Three-dimensional corner separation seriously deteriorates the aerodynamic performance of a compressor blade. In this study, the complicated vortex dynamics and loss mechanism in the corner region of a high subsonic compressor blade (the inlet Mach number is 0.67) are investigated using large eddy simulations (LESs) at a Reynolds number (Re) of 5.6 × 105. The results show that the predicted total pressure loss and outlet flow angle match well with the experimental data, indicating that the LES method can accurately predict the size and strength of corner separation in the compressor blade. With the passage vortex rolling up and further interacting with the low-momentum fluids originating from the end wall boundary layers and the local blade boundary layers, strong shear strain induces a large-scale concentrated shedding vortex (CSV) near the spanwise location of x/H = 0.3. The formation and rolling-up of the CSV not only cause the strongest flow blockage but also strengthen the turbulence anisotropy. As the CSV moves toward the trailing edge, the strong interaction with a pair of counter-rotating vortices shed in the wake region (wake shedding vortex) further accelerates the local generation of turbulent kinetic energy (TKE).
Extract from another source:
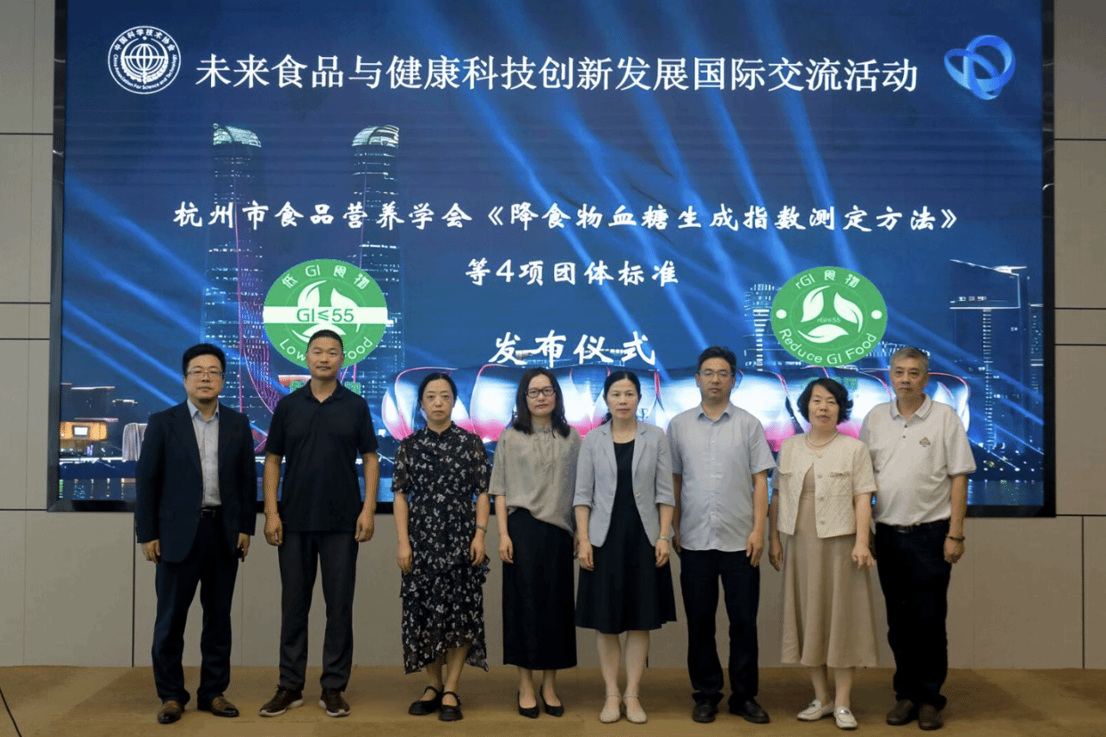 会上,我校公共卫生学院、杭州市科学技术协会、杭州市食品营养学会、杭州市领导以及相关企业代表共同见证了《降食物血糖生成指数(GI)测定方法》《降食物血糖生成指数标示规范》《基于动物试验的食物血糖生成指数标示规范》和《食物血糖生成指数测定——动物试验法》四项团体标准的发布。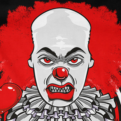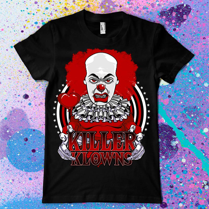 Killer Klowns t-shirt design features a terror clown design detailed screen print now available for Adobe Illustrator, Adobe Photoshop and can be used for digital printing and screenprinting.

Detailed TKE budget analysis shows that the streamwise Reynolds normal stress (w′w′¯) plays the most decisive role in the TKE production term. Furthermore, we demonstrate that the strength of turbulence anisotropy is positively correlated with the TKE budget. Therefore, turbulence anisotropy should be considered carefully in predicting the loss level in the corner region of a compressor blade.